During this time, (August 15th to be exact, which was the day that Michael was officially no longer the Youth Pastor but now the Executive Pastor at CrossPointe, and exactly 3 years since the miscarriage) we were approached by someone about adoption. We had prayed about adoption many times and we have always felt that this is something God is leading us towards one day. But, as soon as this opportunity opened up, God closed that door because the couple decided to keep the baby instead of giving it up for adoption.

That Wednesday, I had to go in to have blood drawn to see if the medication was working and on that Friday, August 20th, I got a call from the nurse at my doctor's office. I let it go to voicemail because I was at work, but I called back during my planning period that morning. The nurse proceeded to tell me that the medication had worked and then she paused briefly before saying I was pregnant. I was completely shocked and couldn't stop shaking. I told Michael over lunch that day but we didn't want to tell anyone else until we had an ultrasound to make sure everything was fine, which it was. We still waited until I was 12 weeks before sharing our exciting news with everyone (although we had told family and close friends by this point so that they could be praying for us).
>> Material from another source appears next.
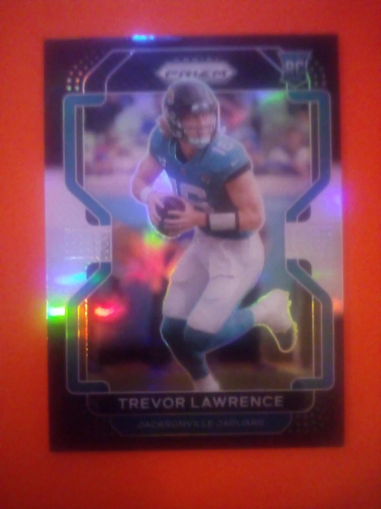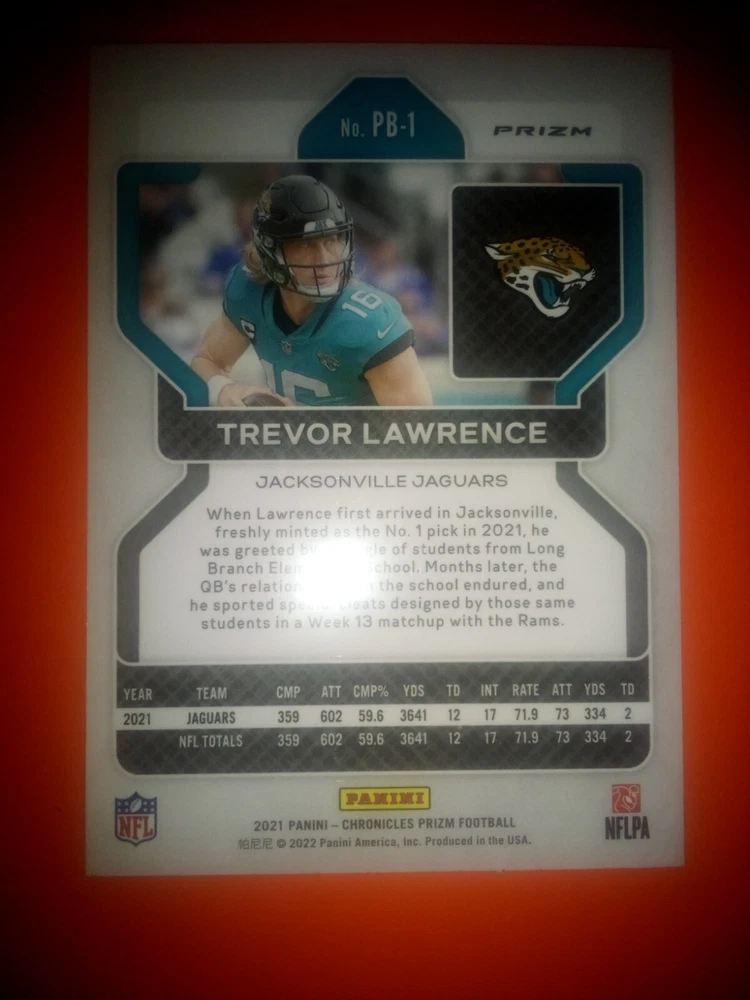 This is a 2021 Panini Prizm Football Rookie card featuring Trevor Lawrence of the Jacksonville Jaguars. The card has a Black and Silver Holo design and is part of the 2021 Panini Prizm set. It is a Sports Trading Card with a Card Number of No. PB-1 and is manufactured by Panini. The card features the National Football League (NFL) player and athlete and is a great addition to any football fan's collection.

I was pretty nervous at the beginning of the pregnancy because of the previous miscarriage, but quickly had to give those fears over to the Lord and sit back and just enjoy the pregnancy. I wasn't sick at all during those nine months, just extremely exhausted. The pregnancy flew by way too quickly and on April 9, 2011 (exactly three weeks before my due date), Micah Ethan was finally here......an answer to prayer and proof that our God is faithful!!

Monday, June 27, 2011

Where does the time go?

It's been over two years since I lasted posted anything on my blog and so much has happened in those two years. For the sake of friends and family that live out of town, I am going to try to be better about updating the blog more often. I spent some time this morning looking back over the old blog posts and I was flooded with so many memories of building our house (which we have lived in now for almost 3 years), working with the youth (which we no longer do now since Michael's new position at the church last August), and working on the new church building (which we have been in now for 2 years).
I can't believe Michael and I have been back in Valdosta and serving at CrossPointe Church for 4 years now. So much has happened in those wonderful four years and we have been so blessed. We love our CrossPointe family and the journey that God has taken us on with the wonderful staff here and our amazing church family. I'm so excited about what God has in store.

More to come soon on what's happening now in the Buffaloe family!!